From the first line down to the one containing "With your Cat’s", reproduce the entries below exactly and leave out the pictures.

= = = = =

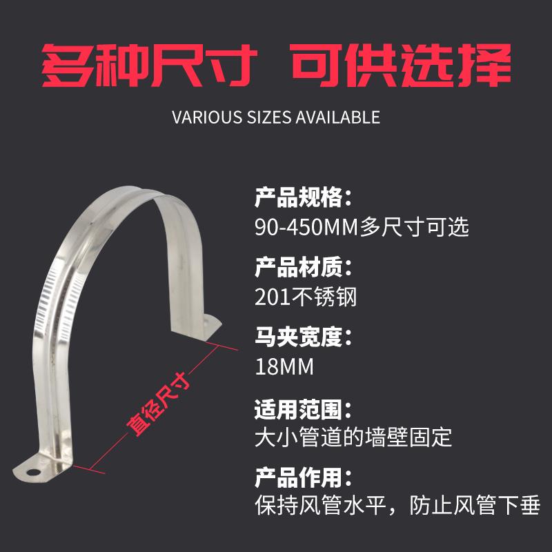 大规格u型卡扣抽油烟机排烟管骑马夹不锈钢固定墙上软风管锁夹箍
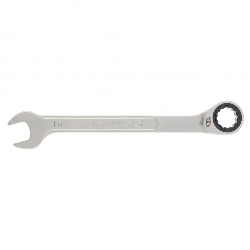 GROSS - Chiave combinata a cricchetto - 16 mm • 16 mm • Lato piatto • Lato a occhiello a 12 bordi a cricchetto • Acciaio di alta qualità • Resistente e affidabile Più di una semplice chiave La chiave combinata a cricchetto GROSS è progettata per lavori di montaggio/smontaggio, avvitatura/svitatura. Sarà particolarmente utile per operazioni di riparazione meccanica, installazione di mobili, ecc. Ha un lato tipo chiave piatta e un altro lato tipo chiave a occhiello, a cricchetto. Il cricchetto è un vero valore aggiunto rispetto a una chiave classica: consente di lavorare in modo più efficiente, più veloce e in spazi più ristretti. Qualità al top Realizzata con una politica di qualità, questa chiave utilizza materiali solidi: acciaio di alta qualità, e un rivestimento anticorrosione. Queste caratteristiche le permettono di resistere a forti sollecitazioni. Lo strumento è conforme allo standard tedesco DIN, garantendo la sua alta qualità e affidabilità. Comfort d'uso Il rivestimento
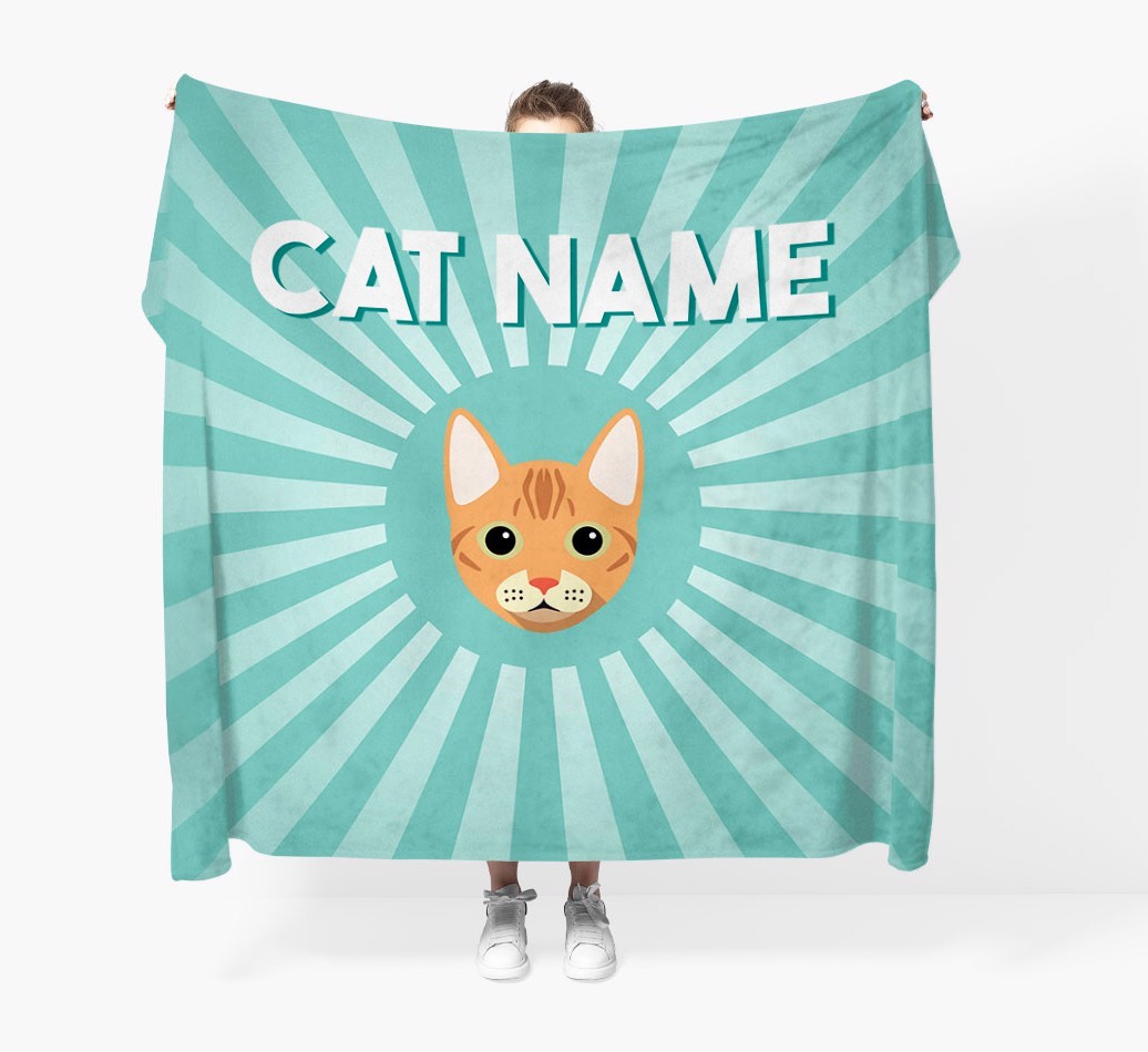 With your Cat’s icon beaming at the center of this stunning sunbeam design, this blanket is personalized with Arabian Mau’s name to make it even more special.
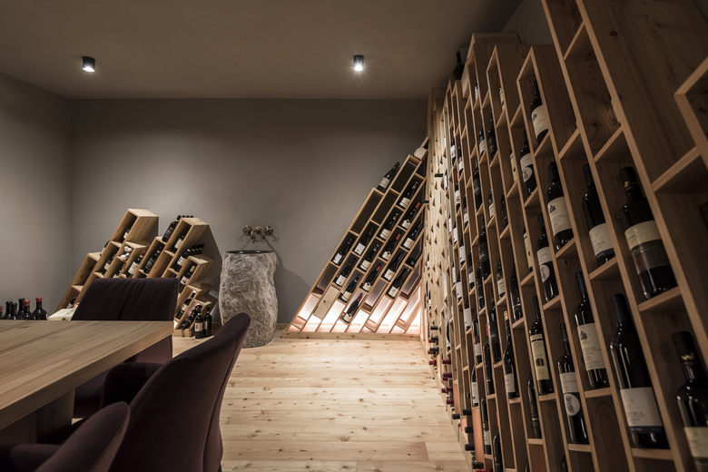 The design recalls the peaks of the mountains that rise towards the sky: the wooden shelves, in fact, create a sort of bookcase, characterized by inclined upright crafts of wood and elongated compartments that accommodate the individual bottles of wine (the refined choice of labels is personally selected by the sommelier owner).
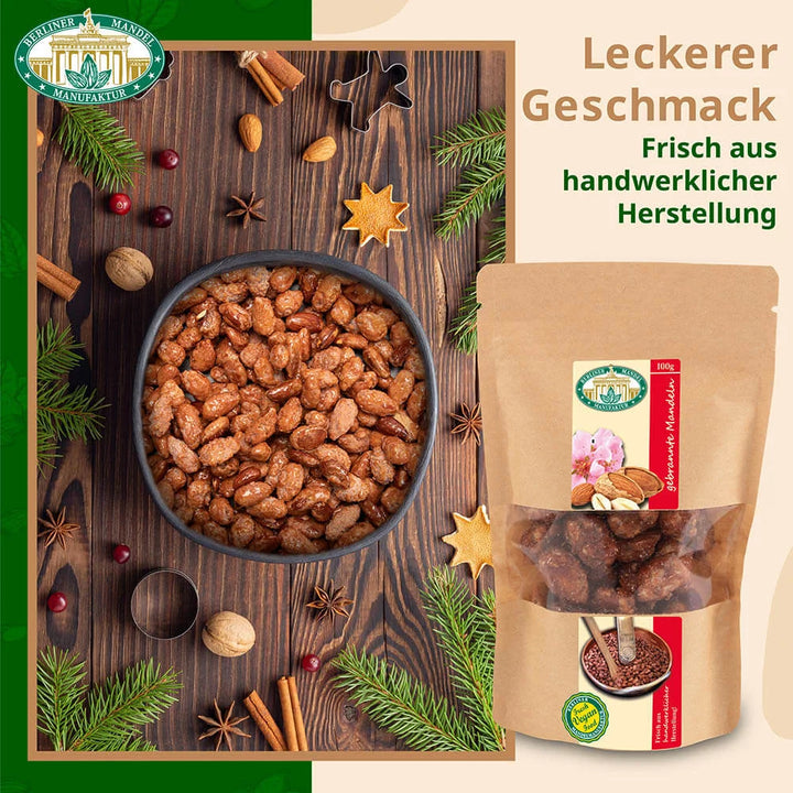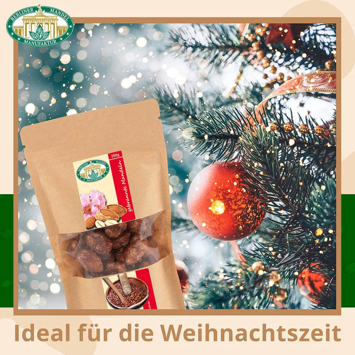 Voici le parfum de Noël : les amandes grillées de la fabrique d'amandes de Berlin vous apportent les saveurs du marché de Noël directement chez vous. Fraîchement grillées dans une chaudière en cuivre à Berlin, les amandes espagnoles Largueta déploient leur arôme particulièrement intense, créant une gourmandise croquante et sucrée pour la période de l'Avent.
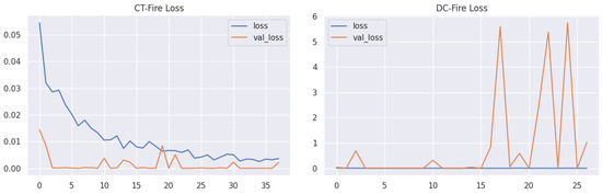 Figure 5 shows the learning and validation loss of the DC-Fire and CT-Fire models. We can see that both models improve rapidly during the first learning epochs, with both training and validation losses rapidly decreasing and converging. While the DC-Fire validation loss shows some variation, the best model was saved before the variation occurred, thanks to early stopping methods. It was then tested on unseen data and achieved high performance with well-classified images, as shown in Table 3, indicating that it learned well and generalized with no overfitting, similar to the CT-Fire model.
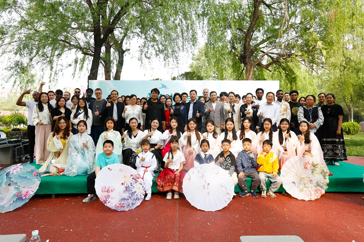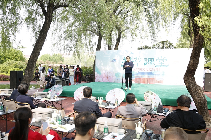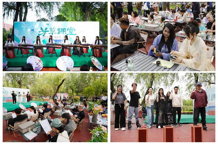 书香流动文化园,清音绕梁享春光。时值谷雨,第15个联合国中文日如期而至。为积极响应中外语言交流合作中心与中文联盟庆祝2024“国际中文日”活动倡议,4月20日下午,学校在南校区历史文化园隆重举行主题为“芳草课堂——重温中国文化之经典”的2024年国际中文日庆祝活动。本次活动由国际处(国教院)主办,文法学院、太极拳学院、音乐学院参与,副校长程伟出席活动,统战部、国际处(国教院)、学生处、研究生院、后勤保障部、文法学院、太极拳学院等单位负责人与百余名中外师生共同参加。

= = = = =

SOLUTION TO THIS PROBLEM »
 大规格u型卡扣抽油烟机排烟管骑马夹不锈钢固定墙上软风管锁夹箍
 GROSS - Chiave combinata a cricchetto - 16 mm • 16 mm • Lato piatto • Lato a occhiello a 12 bordi a cricchetto • Acciaio di alta qualità • Resistente e affidabile Più di una semplice chiave La chiave combinata a cricchetto GROSS è progettata per lavori di montaggio/smontaggio, avvitatura/svitatura. Sarà particolarmente utile per operazioni di riparazione meccanica, installazione di mobili, ecc. Ha un lato tipo chiave piatta e un altro lato tipo chiave a occhiello, a cricchetto. Il cricchetto è un vero valore aggiunto rispetto a una chiave classica: consente di lavorare in modo più efficiente, più veloce e in spazi più ristretti. Qualità al top Realizzata con una politica di qualità, questa chiave utilizza materiali solidi: acciaio di alta qualità, e un rivestimento anticorrosione. Queste caratteristiche le permettono di resistere a forti sollecitazioni. Lo strumento è conforme allo standard tedesco DIN, garantendo la sua alta qualità e affidabilità. Comfort d'uso Il rivestimento
 With your Cat’s icon beaming at the center of this stunning sunbeam design, this blanket is personalized with Arabian Mau’s name to make it even more special.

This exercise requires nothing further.